Late in the 20th century, some wildfire-causing sources such as cigarette smoking declined. But human development also spread further into fire-prone areas, leading to more ignitions from cars, power lines and other infrastructure.

Mitigating and managing wildfires in the future will require better-tailored approaches that account for environmental complexity, MacDonald said. Prescribed burns and vegetation thinning can help prevent destruction in places where communities and property are at risk but because fire is a natural force in the western U.S., he says, letting fires burn is often the best approach in remote areas.

Efforts to effectively adapt to wildfire should also account for and support Indigenous cultural practices, Middleton Manning said.

While some political leaders have argued that governmental overprotection of forests has been the primary cause of worsening fires, the reality is more nuanced. Increased logging and clearing trees may help in some locations. But in other places, evidence suggests it can lead to worse fires. For instance, opening the tree canopy allows sunlight to dry vegetation, MacDonald said, increasing the amount of dry plant matter that feeds wildfires.

One conclusion the authors came to: Solely investing in more firefighters on the ground and in aircraft is unlikely to be successful.

“We’re spending a huge amount of money with some unbelievably dedicated and talented people, but that will not be the solution,” MacDonald said. “We’re not going to be able to tamp this down to the levels of burning we saw in the mid- to late-20th century using fire suppression alone.”

Implementing thoughtful and informed ways to reduce the severity of wildfires at a local and regional level will take more than a few years, he said.

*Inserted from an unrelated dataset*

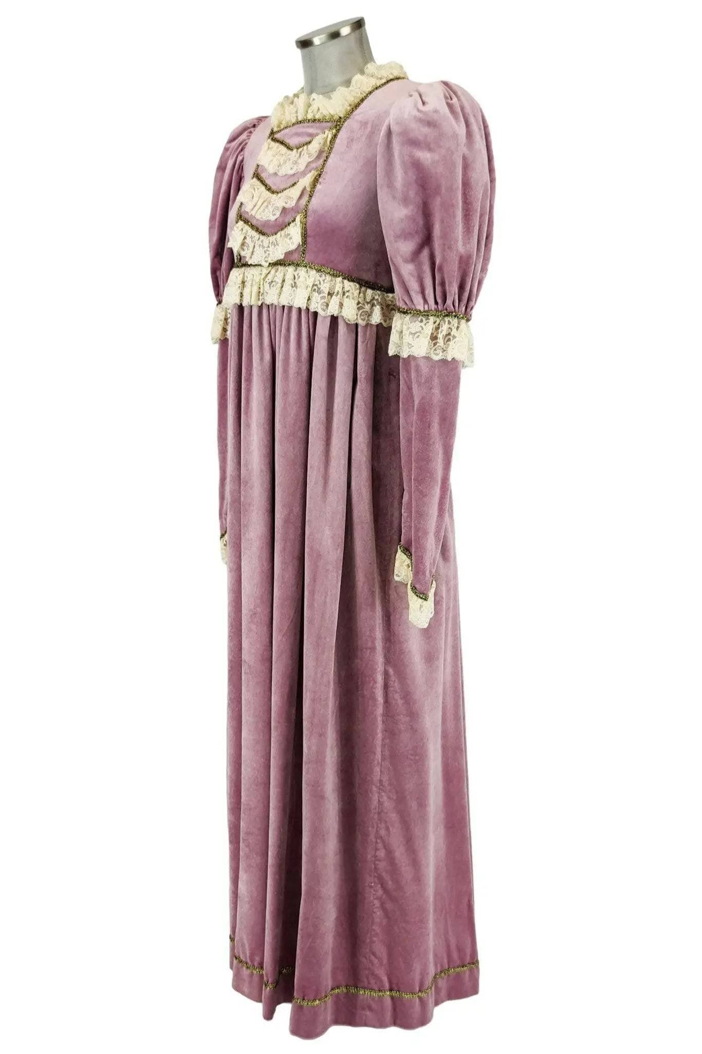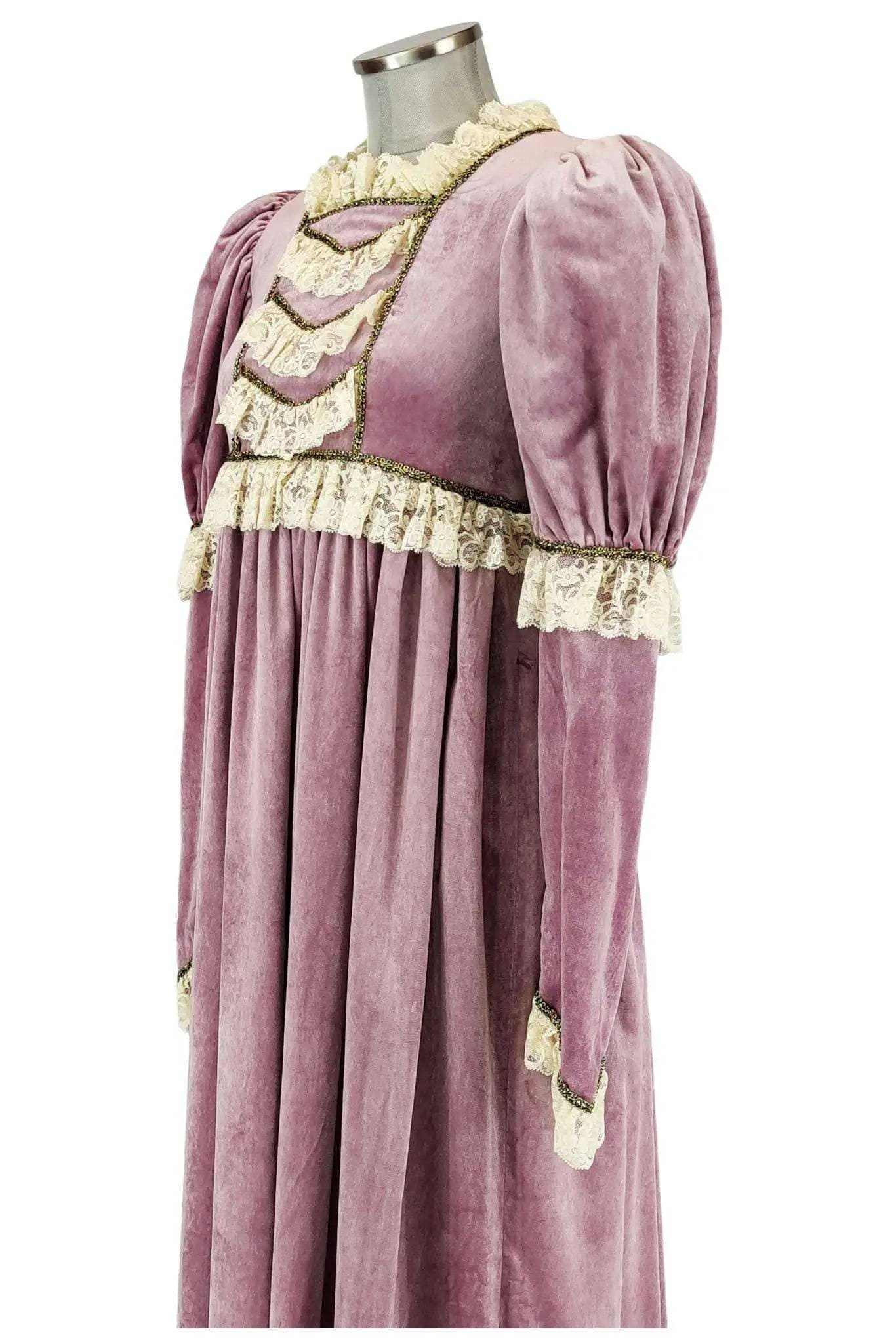 Noleggio Abito Storico Donna in Velluto Rosa con Pizzo Elegante

And with climate change continuing to change landscapes and worsen the problem, it may be time to reimagine how we coexist with wildfires.

Collaboration across communities and various local, state and federal agencies will be key to better adapting to wildfire, which is “a natural part of our ecosystems,” said Carolyn Enquist, paper co-author and acting federal director of the United States Geological Survey’s Southwest Climate Adaptation Science Center.

“It’s all these things working together to create one giant, synergistic, complex problem,” she said. “No one agency, entity or government level is going to be able to tackle this on its own.”